My sweet seven year old came home from school yesterday a little more solemn than usual. His sober demeanor eventually turned into a seemingly sour attitude. By this point, I was pretty much over his crabbiness that was even evident in his silence. I addressed his current position and told him, “There is no reason for your sour attitude.” After all, we leave for the beach in a few short days. Life is good for him. What gives?
As I watched him attempt to compose himself, the thought of asking him what he may be feeling occurred to me. There ya go, Mom.
“John Henry, is there something bothering you?” I finally engaged him.
His response flowed so effortlessly. A friend had “told a lie about (him).”
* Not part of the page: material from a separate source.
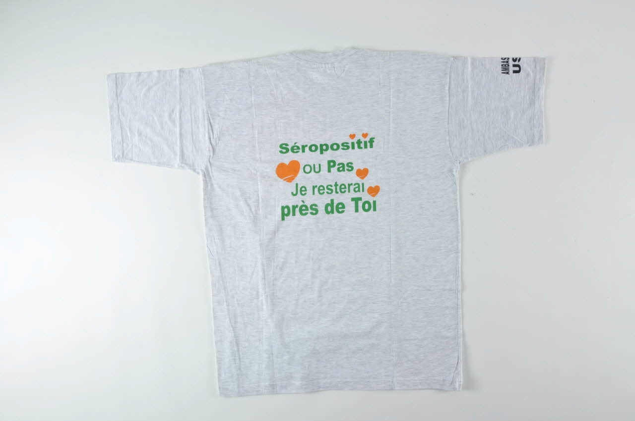 Tee shirt gris à manches courtes et encolure ronde, ornée sur l'avant d'une carte de l'Afrique verte prenant la forme d'une paume de main, à laquelle est accroché un petit ruban rouge. Sous le ruban rouge, en lettres rouges, figure le nom de l'association .

“He said I told him to write on the smart board, and I didn’t.” He went on to explain. “He tried to make something he did all my fault.”
I loved on my son and sympathized with him. I told him how I know that hurts.
After bedtime readings, we prayed. I told John Henry we needed to forgive his friend.
“How do I forgive him? What do I do?” He asked.
“You choose to still love him and be his friend.” This was the best way I knew how to explain such a powerful act to a seven year old.
I reinforced with him that it was okay to still feel hurt. But, he couldn’t let that hurt affect his friendship.
What if I had never asked John Henry, “Is there something bothering you?” Perhaps, it was the Spirit’s prompting. No matter what, I’m glad I didn’t just let it go. I’m thankful I engaged my son.
Otherwise, I would have failed to acknowledge that he was hurting.
And, I would have missed a teachable moment on forgiveness.